From: Christopher JS Vance (unicode@nu.org)
Date: Sun Nov 27 2005 - 20:39:01 CST
On Sun, Nov 27, 2005 at 06:45:23PM +0100, Hans Aberg wrote:
>This problem has recently been discussed in the POSIX/UNIX
>standardization list (Austin Group List, http://www.opengroup.org/
>austin/). It should really be best resolved there, because one needs
>to find an efficient solution for a UTF-8 enabled UNIX OS, and in
>doing that, one has to take things into account such as how to
>implement efficient files systems. One possible approach might be to
>ensure any byte string can be represented on the filesystems level,
>with suitable UTF-8 encodings for use in text strings (and the
>property that they can be lifted back to the original byte strings),
>which may vary from context to context. This approach would be
>motivated by the fact that almost all filesystems already work this
>way, and that it would be inefficient to burden it with character
>interpretation schemes.
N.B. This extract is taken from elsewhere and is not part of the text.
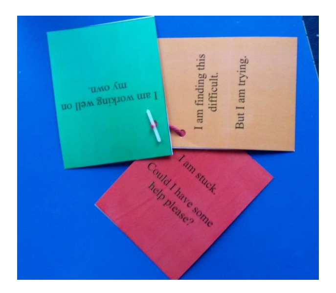
Figure 3. Traffic light assessment tool.

Furthermore, children were beginning to show increased signs of resilience . This was revealed through children articulating their experiences with regards to overcoming barriers within the process of learning. This suggests that they monitored their learning . They then responded to their analysis by backtracking to a point where they, 'felt like they were on the right tracks.' I started to show consistency with probing and responding to the children in light of the learning process. This may indicate that, through reflection, I have built upon the children's responses and the positivity of certain behaviours and attitudes. An example of this was when I emphasised the positivity of Megan's behaviour, through sharing her strategy with the class. Megan, without prompting acted out behaviour which arguably was influenced by the ETF and therefore my influence. This may show a realisation in Megan that she can rely on what she knows to help her. She may be showing initial signs of resourcefulness . I began to find it useful to explicitly share with the children my expectations and the behaviour I expected.

But some filesystems, though rare it seems,
>use a different approach. And when fiddling around with this, one
>needs to assess its effect on the total UNIX OS, probably making some
>implementations first. In the meantime, I figure you can invent the
>encoding schemes that best fits your needs.
UTF-8, created as FSS-UTF, was invented specifically to enable its use
for Unix/POSIX and similar filenames.
The problem is people trying to create filenames which aren't UTF-8.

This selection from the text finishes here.